The example provided for materialSample states:
A whole organism preserved in a collection.
…and so materialSampleID is obviously the identifier we want for whole physical specimens preserved in a collection. But, how many publishers use it in this way compared to those that populate occurrenceID? For those that publish data via the Integrated Publishing Toolkit, it’s not a required field as is occurrenceID. To top it off basisOfRecord may only be expressed as a single value, not both PreservedSpecimen and MaterialSample.
(…) In the absence of a persistent global unique identifier, construct one from a combination of identifiers in the record that will most closely make the occurrenceID globally unique.
So even if the occurrenceID identifies THE species occurrence (and not the digital record) there can (and evidently is!) many occurrenceID identifiers for the same Occurrence.
However, I think we anyway often want to identify the actual collection specimen and not only the occurrence that was the origin of the specimen. A species occurrence is an event at a point in time, and a specimen is a physical (durable) thing. [Besides, one single species occurrence can sometimes be the origin for multiple collection specimens].
So I thus tend to think that we should rather focus our efforts on a persistent materialSampleID for collection specimens instead of keep fighting (an unwinnable battle) with achieving persistence for the occurrenceIDs (which does not really identify the actual specimen).
However materialSampleID
An identifier for the MaterialSample (as opposed to a particular digital record of the material sample). In the absence of a persistent global unique identifier, construct one from a combination of identifiers in the record that will most closely make the materialSampleID globally unique.
Thanks @DagEndresen, this is very helpful and better explains the relationship between an Occurrence (and its occurrenceID) and a MaterialSample (and its materialSampleID). Unfortunate that the nuance/distinction is not better appreciated by data publishers that share specimen-based data to any aggregator including GBIF.
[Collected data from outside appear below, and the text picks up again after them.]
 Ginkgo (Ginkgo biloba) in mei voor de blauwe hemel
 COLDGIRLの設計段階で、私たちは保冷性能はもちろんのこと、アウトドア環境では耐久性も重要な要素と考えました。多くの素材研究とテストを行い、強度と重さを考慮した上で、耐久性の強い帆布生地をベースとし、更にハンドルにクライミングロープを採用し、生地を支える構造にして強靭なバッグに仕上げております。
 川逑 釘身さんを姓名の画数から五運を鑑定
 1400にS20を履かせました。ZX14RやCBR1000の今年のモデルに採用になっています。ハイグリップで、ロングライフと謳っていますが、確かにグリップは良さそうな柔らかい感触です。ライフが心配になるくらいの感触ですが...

I guess the first thing we should investigate is the coverage of materialSampleID across the GBIF network and then investigate what specimen records are likely to be merely MaterialSamples but are expressed as broader, more abstract Occurrences. It’s telling that the advanced search on GBIF does not include materialSampleID as a filtering option on searches for occurrences.
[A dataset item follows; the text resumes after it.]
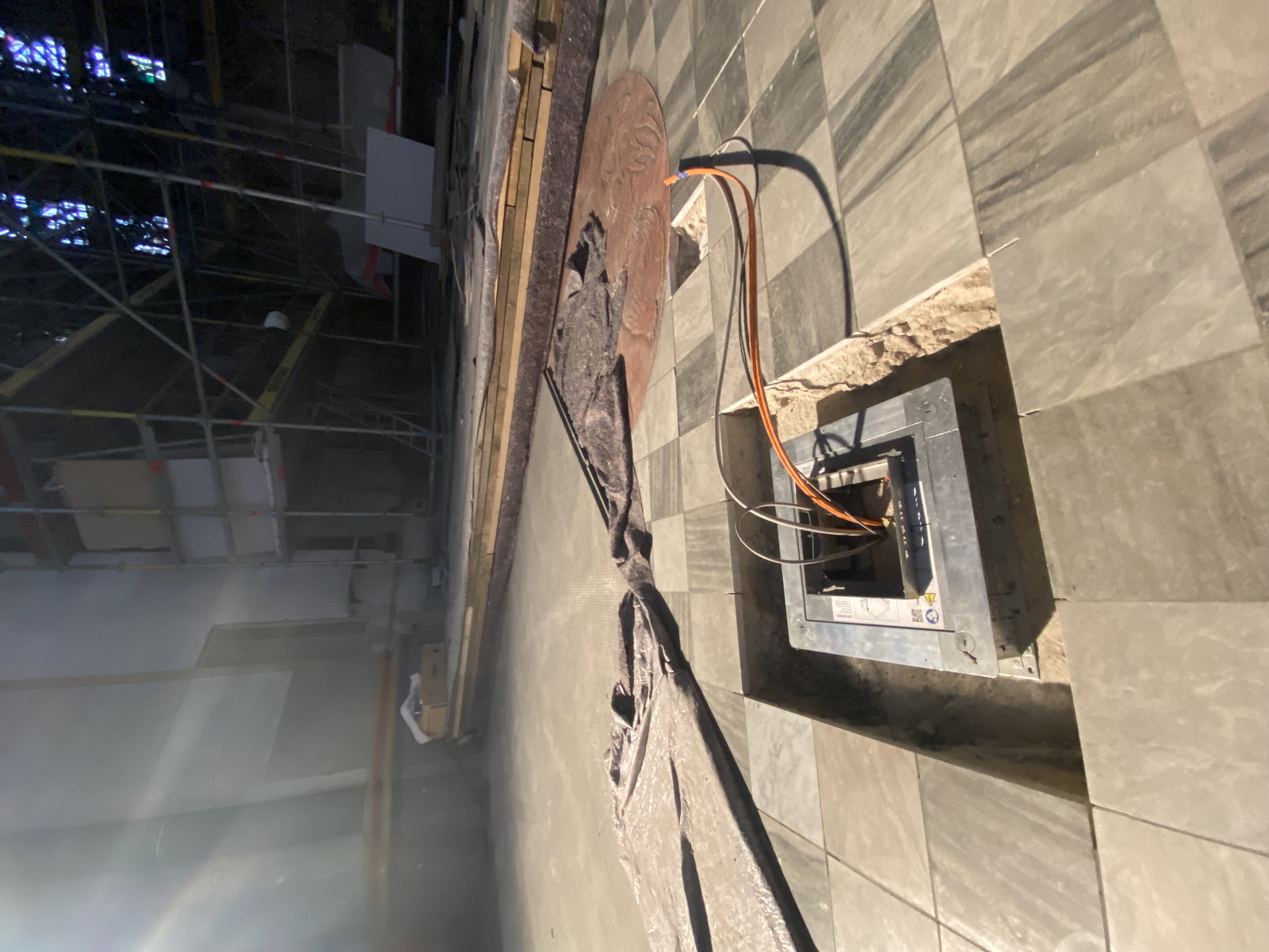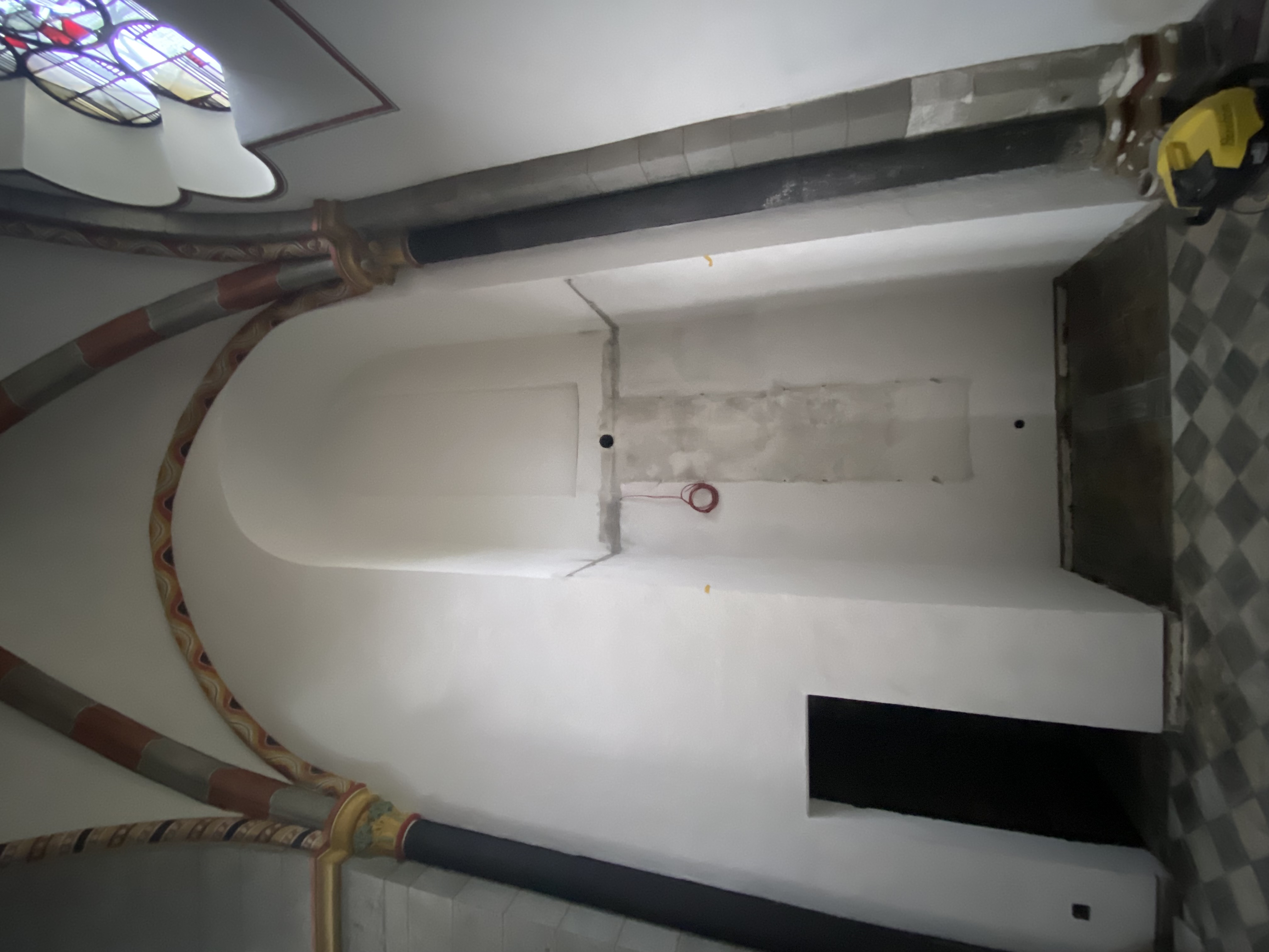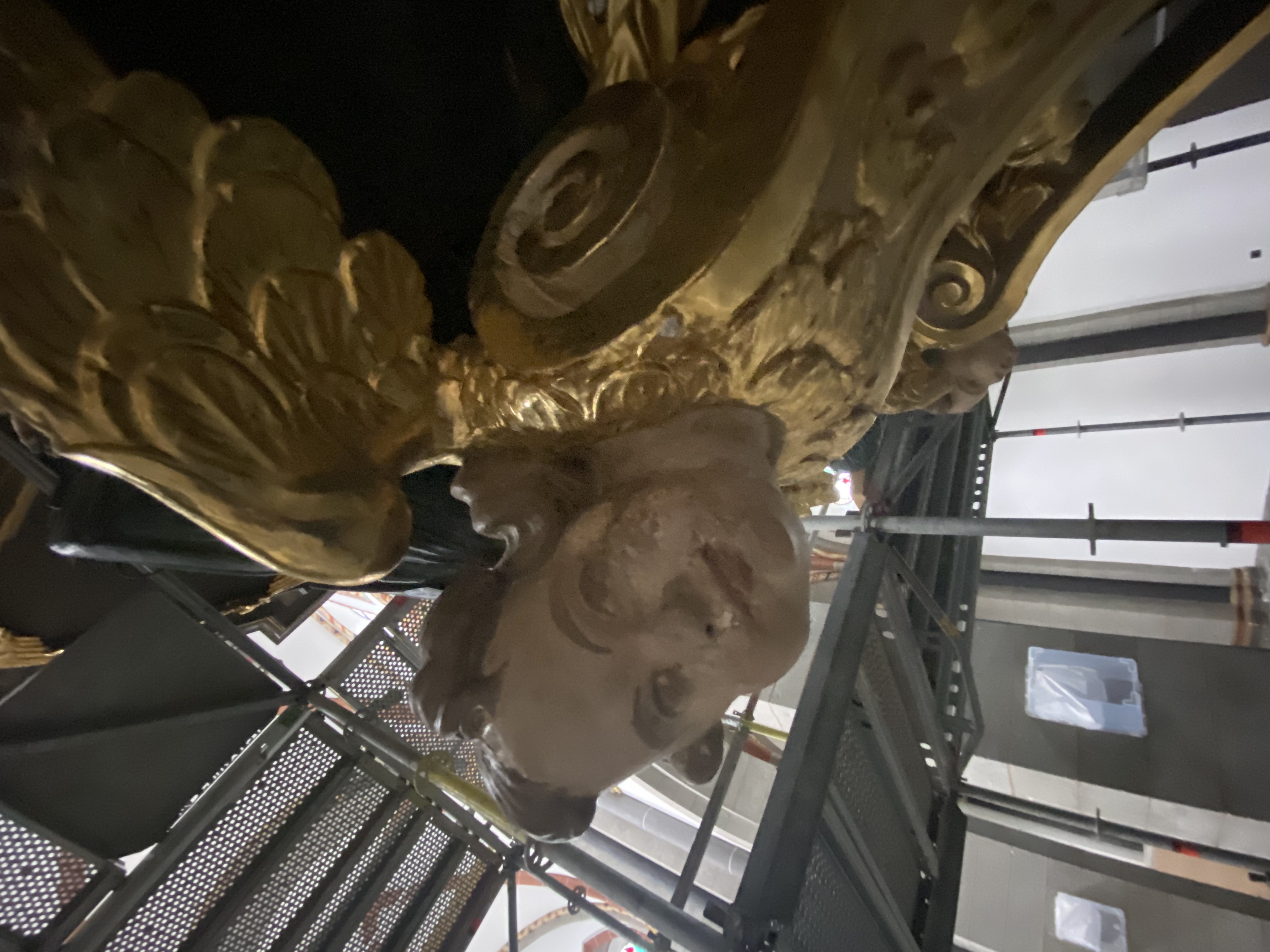 Nachdem fast alle Gerüstteile den Innenraum wieder verlassen haben werden nun auch Stück für Stück die mit dicken Holzplatten gesicherten Ausstattungsstücke der Basilika wieder sichtbar: Altar, die lange gotische Tabernakelsäule sowie die Kanzel, die auch schon wieder die ersten Engelsköpfe sichtbar macht. Auch die große Metallschutzwand vor der Apsis wurde bereits entfernt. Die Kerzenecke verbleibt am gleichen Standort und wird nun für die zukünftige Nutzung mit einem Abluftsystem ausgestattet. An mehreren Stellen im Boden werden derzeit Stellen für Elektroanschlüsse (für Mikros, Strom,...) vorbereitet.

And finally, we need to come to grips with a digital extended specimen and what will be the relationship between its identifier and materialSampleID. Based on the arguments you provided, it would be a mistake to use occurrenceID as the identifier for the specimen.
Maybe what we rather do need (??) is a new term extendedSpecimenID and/or digitalSpecimenID which MUST be a more strictly defined persistent identifier, e.g. a DOI with a specific minimum metadata profile defined!
Hi @DagEndresen yes I think we need a new term, something like digitalExtendedSpecimenID.
Is it bad that part of me wants to scream? It’s hard to do any linking when we make new identifiers. But, if these are to be DOIs, then I suppose we’ll have no choice. Regardless, @DagEndresen is spot on to emphasize that we be strict and precise with what the identifier circumscribes and what is the minimum metadata. I suggest we also offer guidance on what to do with materialSampleID. i.e. would it make for a good suffix?
It’s still a discussion in progress. There was consensus that the physicalSpecimenId is “whatever the institution uses to uniquely identify the item within that institute” and that the ways DwC has been used for such identities is very messy. We’ll probably have to live with multiple current practices but might be able to develop better guidance going forward.